QUEENS — Things never seem to line up for slumping teams. If the pitching is good, the bats are cold. If the offense shows up, the arms struggle. For the Mets on Sunday, it was the bullpen’s turn to go belly-up. 

Relievers Jimmy Yacabonis and Tommy Hunter were torched for seven runs on five hits, including a pair of two-run home runs to Kris Bryant and Brenton Doyle, in the fifth inning to doom the Mets in a 13-6 rubber-game loss in their series finale against the Colorado Rockies at Citi Field. 

The Mets have now lost 11 of their last 14 games and are under .500 at 17-18 for the first time since April 5 when they were 3-4.

“We just have to play better,” Mets manager Buck Showalter said. “I understand everyone’s job is to want reasons as to why… but we just have to play better. We control it. It’s not like there’s some outside element. We just have to play better.”

Pitching on three day’s rest, Joey Lucchesi went four innings on 70 pitches having allowed three runs on four hits with four strikeouts and three walks. He was actually lined up for the win after the Mets got one across in the fourth inning — which could have presented more with the bases loaded and one out — after Jeff McNeil drove in his second run of the day with a single to make it 4-3. The Mets had scored just four runs in their previous four games.

But Yacobonis walked Randal Grichuk to lead off the fifth inning before Bryant cannoned his fifth home run of the season over the left-field fence to put the Rockies in front. Ezequiel Tovar then doubled home CJ Cron and Ryan McMahon.

“I wasn’t in the zone early and my slider was backing up on me a little bit,” Yacabonis said. “I walked two guys and hung a slider. The next two hits were down the line. Some pieces of good hitting and some luck involved there.”

Hunter could do little to close up the floodgates when Austin Wynns drove home Tovar and Doyle cleared the bases with his first home run of the season over a hopeless McNeil, who watched it scrape over the right-field fence — the third round-tripper for the Rockies.

Grichuk got to Lucchesi early with a towering home run into the second deck of the left-field stands at Citi Field — his first of the season. It was the fifth time in six games that the Mets had allowed a first-inning run, but this time the offense had a response with three runs in the bottom of the frame.

“I just left it up,” Lucchesi said. “I was like ‘damn.’ He got me.”
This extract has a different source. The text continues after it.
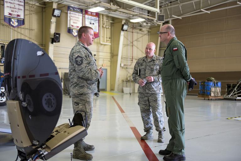 Keywords: air force airforce usaf air national guard airnationalguard ang national guard nationalguard ngb 182 airlift wing airliftwing peoria illinois always on mission alwaysonmission airmen polish poland spp state partnership program statepartnershipprogram domops domestic operations domesticoperations multinational ct120 satellite il usa us U.S. Air Force Master Sgt. Lucas M. Creasy, left, a systems superintendent with the 264th Combat Communications Squadron, Illinois Air National Guard, explains the functions of the SWE-DISH CCT120 communications satellite to Polish air force Brig. Gen. Sławomir Żakowski, right, the deputy commander of the Air Operations Center - Air Component Command, in Peoria, Ill., May 13, 2016. Illinois and the Republic of Poland have been colleagues in the National Guard State Partnership Program since 1993. (U.S. Air National Guard photo by Staff Sgt. Lealan Buehrer) U.S. Air Force Master Sgt. Lucas M. Creasy, left, a systems superintendent with the 264th Combat Communications Squadron, Illinois Air National Guard, explains the functions of the SWE-DISH CCT120 communications satellite to Polish air force Brig. Gen. Sławomir Żakowski, right, the deputy commander of the Air Operations Center - Air Component Command, in Peoria, Ill., May 13, 2016. Illinois and the Republic of Poland have been colleagues in the National Guard State Partnership Program since 1993. (U.S. Air National Guard photo by Staff Sgt. Lealan Buehrer) |

Rockies starter Ryan Feltner walked the first two men he faced before McNeil drove home the tying run with a single to left, snapping an 0-for-11 personal skid and an 0-for-12 team drought with runners in scoring position against Colorado.
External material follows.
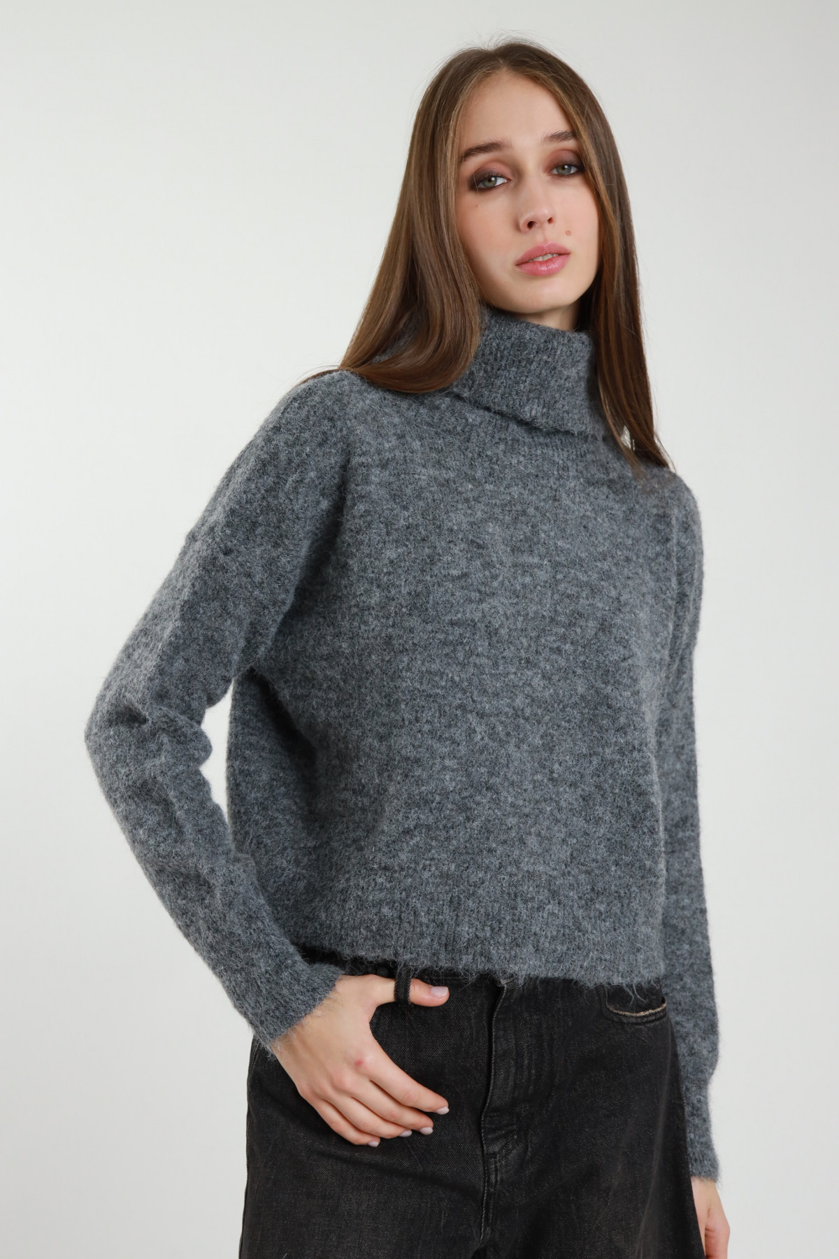 Rollkragenpullover, breiter gerippter Ausschnitt, gerippte Bündchen und Saum. Ernteschnitt. 50 % ac 30 % pl 10 % wo 10 % wm

After Pete Alonso advanced runners to second and third with one out, Brett Baty snuck a single to right to score two. The Mets should have had a fourth when Luis Guillorme lined a two-out single to right, but before Baty could touch home plate, Daniel Vogelbach, who walked, was tagged out straying off second base after too aggressive of a turn. 

“I wasn’t trying to make an out on the bases especially when you have a guy on the ropes like that,” Vogelbach said. “I regretted it all game. I watch it over and over again… I came off the bag trying to find the ball thinking it was going to go home… I barely came off the bag and by the time I looked up, the ball was on me and I couldn’t get back.”

Lucchesi surrendered the lead in the third when he yielded an RBI double to Jurickson Profar and a run-scoring single to Bryant. 

“The one I would like to take back is the Profar double,” Lucchesi said. “I doubled up on sinkers down and away and felt like I should have mixed it up… he made me pay for. That’s probably the biggest thing.”

The Mets could only muster one run in the fourth inning despite having the bases loaded with one out. After McNeil drove home his second run of the day, Alonso was called out on strikes on a high pitch out of the strike zone and Baty grounded out to reliever Brent Suter, who mopped up Feltner’s mess and set the stage for the Rockies’ breakout fifth inning.

“Let’s say that strike three to me is called a ball as it should have been, then maybe the momentum doesn’t shift when they get to hit,” Alonso said. “It’s tough.”